An attention-based dual-encoder architecture with specially designed loss functions that optimize the inter-and intra-class distances simultaneously in two different embedding spaces, one for the category embeddings and the other for the object level embeddings is presented.

Abstract

In the context of pose-invariant object recognition and retrieval, we demonstrate that it is possible to achieve significant improvements in performance if both the category-based and the object-identity-based embeddings are learned simultaneously during training. In hindsight, that sounds intuitive because learning about the categories is more fundamental than learning about the individual objects that correspond to those categories. However, to the best of what we know, no prior work in pose-invariant learning has demonstrated this effect. This paper presents an attention-based dual-encoder architecture with specially designed loss functions that optimize the inter- and intra-class distances simultaneously in two different embedding spaces, one for the category embeddings and the other for the object-level embeddings. The loss functions we have proposed are pose-invariant ranking losses that are designed to minimize the intra-class distances and maximize the inter-class distances in the dual representation spaces. We demonstrate the power of our approach with three challenging multi-view datasets, ModelNet-40, ObjectPI, and FG3D. With our dual approach, for single-view object recognition, we outperform the previous best by 20.0% on ModelNet40, 2.0% on ObjectPI, and 46.5% on FG3D. On the other hand, for single-view object retrieval, we outperform the previous best by 33.7% on ModelNet40, 18.8% on ObjectPI, and 56.9% on FG3D.
Paper Structure (13 sections, 10 equations, 19 figures, 6 tables)

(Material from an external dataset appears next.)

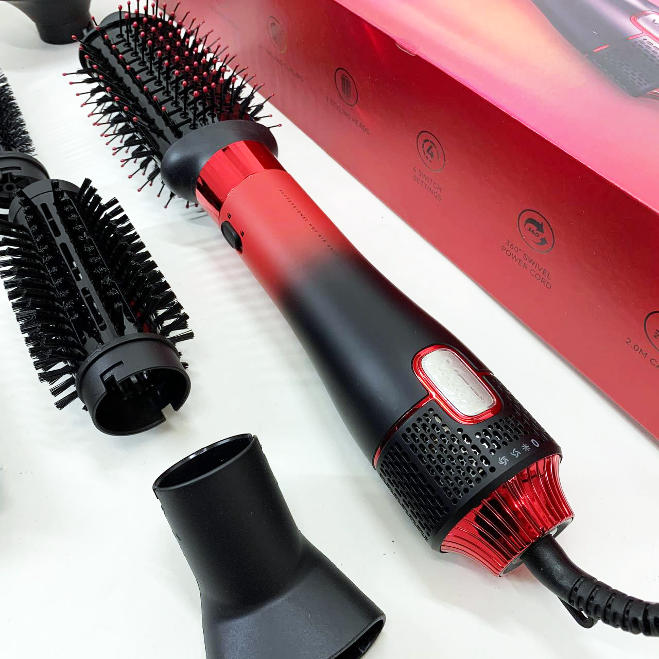 - 8 змінних насадок – овальна та кругла щітка, плоска гребінець, дифузор та інші для створення будь-якого стилю.

This paper contains 13 sections, 10 equations, 19 figures, 6 tables.

Figures (19)

  • Figure 1: The upper panel shows objects belonging to two different categories, chair and stool. In the proposed disentangled dual-space learning, the goal for the learning of category-based embeddings is to capture what maximally discriminates the objects belonging to the two categories --- the presence or the absence of the back-rest. On the other hand, the object-identity based embeddings are meant to capture what is distinctive about each object. The lower panel illustrates our dual-space approach for simultaneously learning the embeddings in two different spaces for category and object-identity-based recognition and retrieval tasks.
  • Figure 2: An overview of our PiRO framework to learn the dual pose-invariant object and category embeddings using losses specifically designed for each embedding space. Multi-view images of two randomly chosen objects from the same category are used to learn common characteristics of the objects in the category embedding space and discriminatory attributes to distinguish between them in the object embedding space.
  • Figure 3: The Pose-invariant Attention Network (PAN) takes a set of multi-view images of an object as input, producing both single-view and multi-view embeddings for each representational subspace. The object embeddings are depicted in orange, while the category embeddings are in blue.
  • Figure 4: The pose-invariant losses enhance intra-class compactness and inter-class separation in the dual embedding spaces. In the object embedding space (top), confusing instances of two different objects from the same category are separated. In the category embedding space (bottom), objects belonging to the same category are pulled closer while being separated from those belonging to other categories.
  • Figure 5: We show UMAP UMAP visualizations for a qualitative comparison of the object embedding space learned for the ModelNet40 test dataset (from 5 categories such as table, desk, chair, stool, and sofa with 100 objects) by prior pose-invariant methods PIE2019 and our method. Each instance is an object view and a unique color and shape is used to denote each object-identity class in the visualizations.